|Light micrograph of Fahrenholzia pinnata|
Louse (plural: lice) is the common name for members of over 3,000 species of wingless insects of the order Phthiraptera; three of which are classified as human disease agents. They are obligate ectoparasites of every avian and mammalian order except for monotremes (the platypus and echidnas), bats, whales, dolphins, porpoises and pangolins.
Most lice are scavengers, feeding on skin and other debris found on the host's body, but some species feed on sebaceous secretions and blood. Most are found only on specific types of animals, and, in some cases, only to a particular part of the body; some animals are known to host up to fifteen different species, although one to three is typical for mammals, and two to six for birds. For example, in humans, different species of louse inhabit the scalp and pubic hair. Lice generally cannot survive for long if removed from their host.
A louse's color varies from pale beige to dark gray; however, if feeding on blood, it may become considerably darker. Female lice are usually more common than the males, and some species are even known to be parthenogenetic. A louse's egg is commonly called a nit. Many lice attach their eggs to their host's hair with specialized saliva; the saliva/hair bond is very difficult to sever without specialized products. Lice inhabiting birds, however, may simply leave their eggs in parts of the body inaccessible to preening, such as the interior of feather shafts. Living lice eggs tend to be pale white. Dead lice eggs are more yellow.
Lice are optimal model organisms to study the ecology of contagious pathogens since their quantities, sex-ratios etc. are easier to quantify than those of other pathogens. The ecology of avian lice has been studied more intensively than that of mammal lice.
A few major trends
- The average number of lice per host tends to be higher in large-bodied bird species than in small ones.
- Louse individuals exhibit an aggregated distribution across bird individuals, i.e. most lice live on a few birds, while most birds are relatively free of lice. This pattern is more pronounced in territorial than in colonial—more social—bird species.
- Host taxa that dive under the water surface to feed on aquatic prey harbor fewer taxa of lice.

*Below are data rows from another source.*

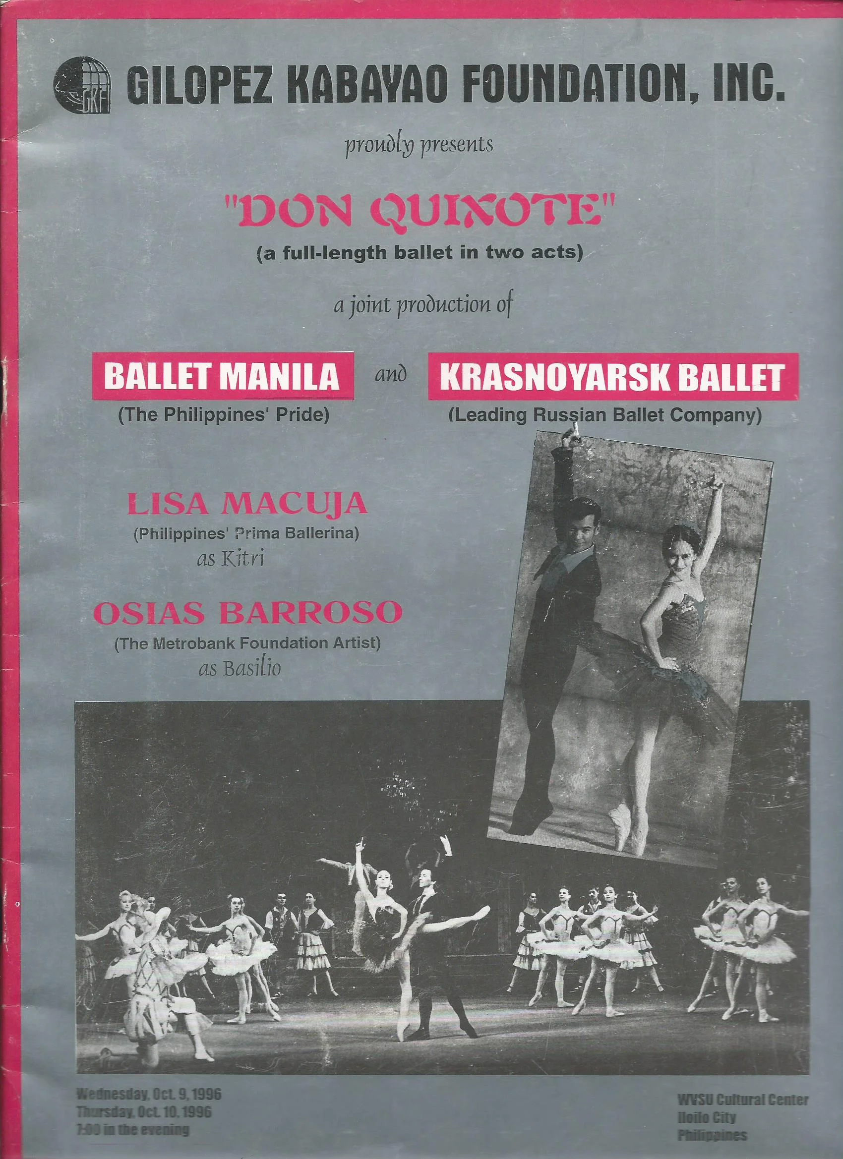 Ballet Manila performed Don Quixote for the first time in 1996 in collaboration with the Krasnoyarsk Ballet. Principal dancers Macuja-Elizalde and Barroso assumed the lead roles, as seen in this souvenir program for the Iloilo shows. Image courtesy of the Ballet Manila Archives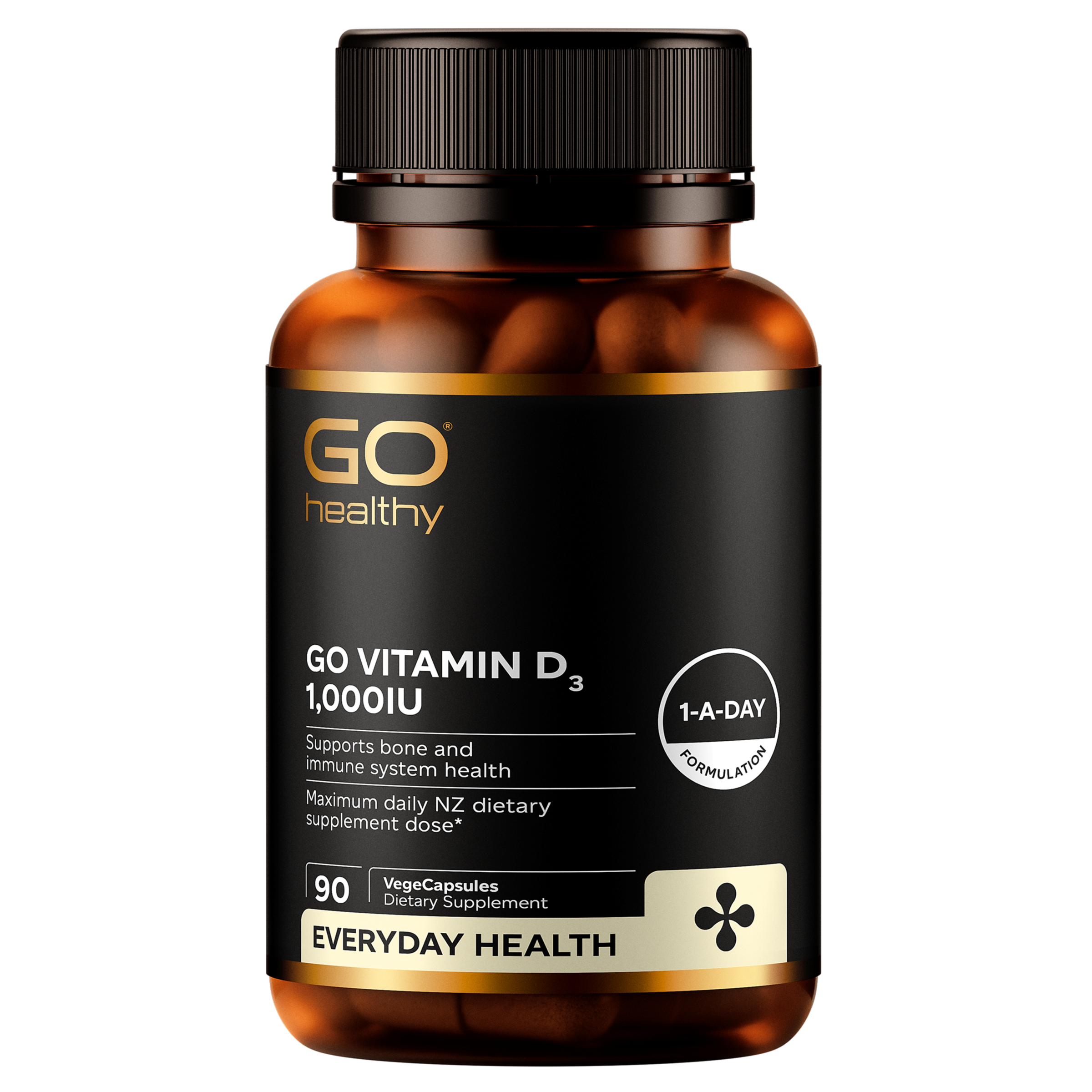 Go Healthy Vitamin D3 1,000IU is essential for bone health, immune protection and positive mood.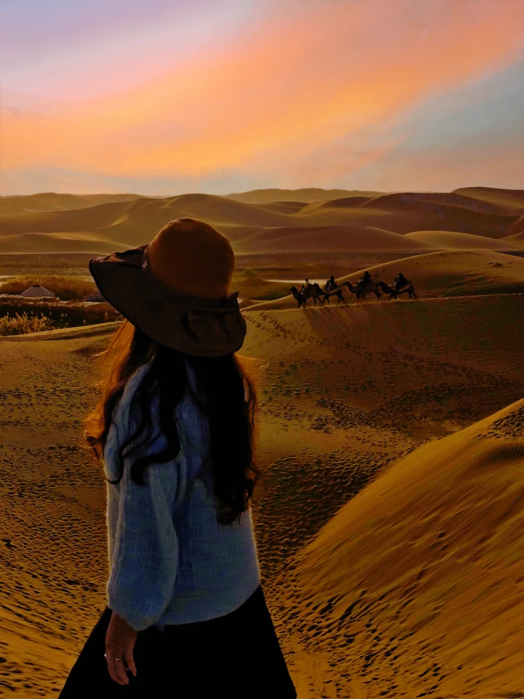 景区比较大,建议乘坐景区观光车,最后一站神女湖这里的沙漠落日绝美

- Bird taxa that are capable of exerting stronger antiparasitic defense—such as stronger T cell immune response or larger uropygial glands—harbor more taxa of Amblyceran lice than others.
- Temporal bottlenecks in host population size may cause a long-lasting reduction of louse taxonomic richness. E.g., birds introduced into New Zealand host fewer species of lice there than in Europe.
- Louse sex ratios are more balanced in more social hosts and more female-biased in less social hosts, presumably due to the stronger isolation among louse subpopulations (living on separate birds) in the latter case.
A few effects of lice infestation upon the host
- Lice may reduce host life expectancy.
- Lice may transmit microbial diseases or helminth parasites.
- Ischnoceran lice may reduce the thermoregulation effect of the plumage; thus heavily infested birds lose more heat than other ones.
- Lice infestation is a disadvantage in the context of sexual rivalry.
The order has traditionally been divided into two suborders, the sucking lice (Anoplura) and the chewing lice (Mallophaga); however, recent classifications suggest that the Mallophaga are paraphyletic and four suborders are now recognized:
- Anoplura: sucking lice, occurring on mammals exclusively
- Rhynchophthirina: parasites of elephants and warthogs
- Ischnocera: mostly avian chewing lice, however, one family parasitizes mammals
- Amblycera: a primitive suborder of chewing lice, widespread on birds, however, also live on South-American and Australian mammals
It has been suggested that the order is contained by the Troctomorpha suborder of Psocoptera.
Lice in humans
Human lice and DNA discoveries
Lice have been the subject of significant DNA research in the 2000s that led to discoveries on human evolution. For example, genetic evidence suggests that our human ancestors acquired pubic lice from gorillas approximately 3-4 million years ago. Additionally, the DNA differences between head lice and body lice provide corroborating evidence that humans started losing body hair about 2 million years ago.[dead link]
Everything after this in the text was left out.